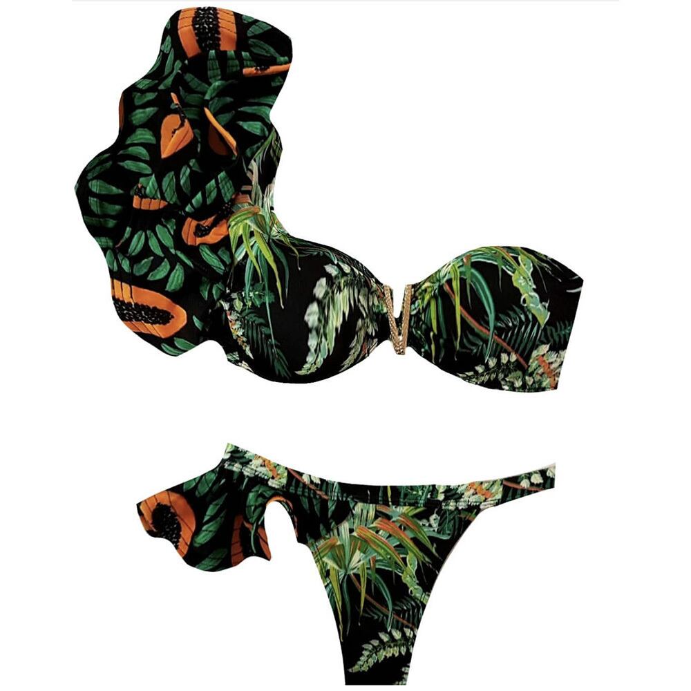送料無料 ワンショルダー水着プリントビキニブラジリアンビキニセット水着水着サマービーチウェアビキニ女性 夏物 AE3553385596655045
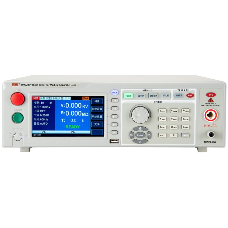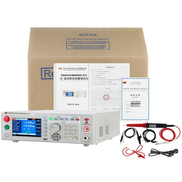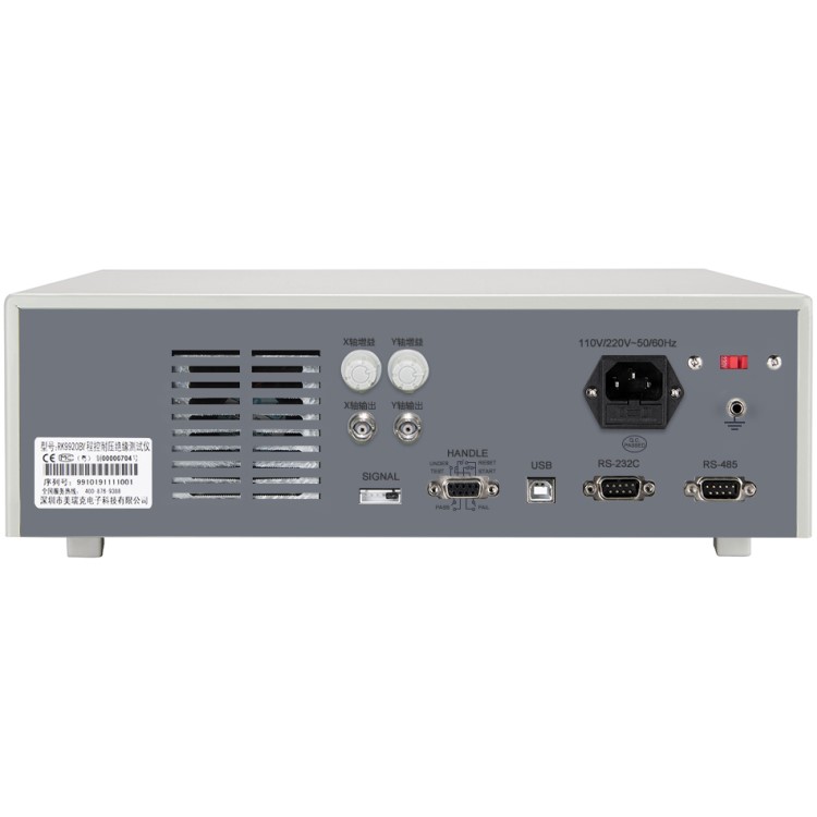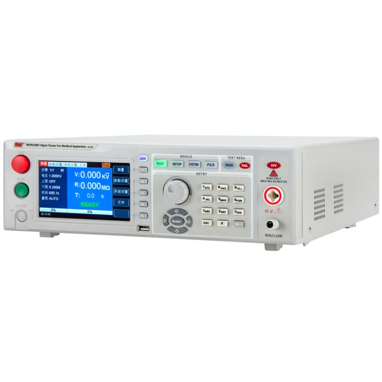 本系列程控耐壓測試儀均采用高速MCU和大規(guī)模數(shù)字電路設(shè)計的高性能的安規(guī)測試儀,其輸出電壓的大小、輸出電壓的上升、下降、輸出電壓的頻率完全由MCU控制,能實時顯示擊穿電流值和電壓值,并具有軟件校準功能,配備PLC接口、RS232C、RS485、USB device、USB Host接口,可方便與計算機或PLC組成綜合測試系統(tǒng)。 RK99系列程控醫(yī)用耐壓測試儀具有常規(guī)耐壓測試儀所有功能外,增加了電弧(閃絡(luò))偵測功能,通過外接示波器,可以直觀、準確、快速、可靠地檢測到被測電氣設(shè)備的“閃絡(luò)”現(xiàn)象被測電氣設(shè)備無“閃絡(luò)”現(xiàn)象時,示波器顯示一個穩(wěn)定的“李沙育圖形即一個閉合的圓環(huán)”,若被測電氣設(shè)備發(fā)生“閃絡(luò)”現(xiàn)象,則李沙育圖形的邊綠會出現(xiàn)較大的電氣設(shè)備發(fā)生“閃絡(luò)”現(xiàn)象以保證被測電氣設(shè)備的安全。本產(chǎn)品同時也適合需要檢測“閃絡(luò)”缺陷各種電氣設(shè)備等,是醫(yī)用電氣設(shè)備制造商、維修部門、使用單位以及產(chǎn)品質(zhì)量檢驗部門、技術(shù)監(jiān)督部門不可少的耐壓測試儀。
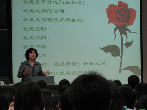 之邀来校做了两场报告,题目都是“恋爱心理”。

### PROBLEM:
Please set down the whole listing exactly, apart from the pictures.

### WRITTEN SOLUTION:
送料無料 ワンショルダー水着プリントビキニブラジリアンビキニセット水着水着サマービーチウェアビキニ女性 夏物 AE3553385596655045
 本系列程控耐壓測試儀均采用高速MCU和大規(guī)模數(shù)字電路設(shè)計的高性能的安規(guī)測試儀,其輸出電壓的大小、輸出電壓的上升、下降、輸出電壓的頻率完全由MCU控制,能實時顯示擊穿電流值和電壓值,并具有軟件校準功能,配備PLC接口、RS232C、RS485、USB device、USB Host接口,可方便與計算機或PLC組成綜合測試系統(tǒng)。 RK99系列程控醫(yī)用耐壓測試儀具有常規(guī)耐壓測試儀所有功能外,增加了電弧(閃絡(luò))偵測功能,通過外接示波器,可以直觀、準確、快速、可靠地檢測到被測電氣設(shè)備的“閃絡(luò)”現(xiàn)象被測電氣設(shè)備無“閃絡(luò)”現(xiàn)象時,示波器顯示一個穩(wěn)定的“李沙育圖形即一個閉合的圓環(huán)”,若被測電氣設(shè)備發(fā)生“閃絡(luò)”現(xiàn)象,則李沙育圖形的邊綠會出現(xiàn)較大的電氣設(shè)備發(fā)生“閃絡(luò)”現(xiàn)象以保證被測電氣設(shè)備的安全。本產(chǎn)品同時也適合需要檢測“閃絡(luò)”缺陷各種電氣設(shè)備等,是醫(yī)用電氣設(shè)備制造商、維修部門、使用單位以及產(chǎn)品質(zhì)量檢驗部門、技術(shù)監(jiān)督部門不可少的耐壓測試儀。
 之邀来校做了两场报告,题目都是“恋爱心理”。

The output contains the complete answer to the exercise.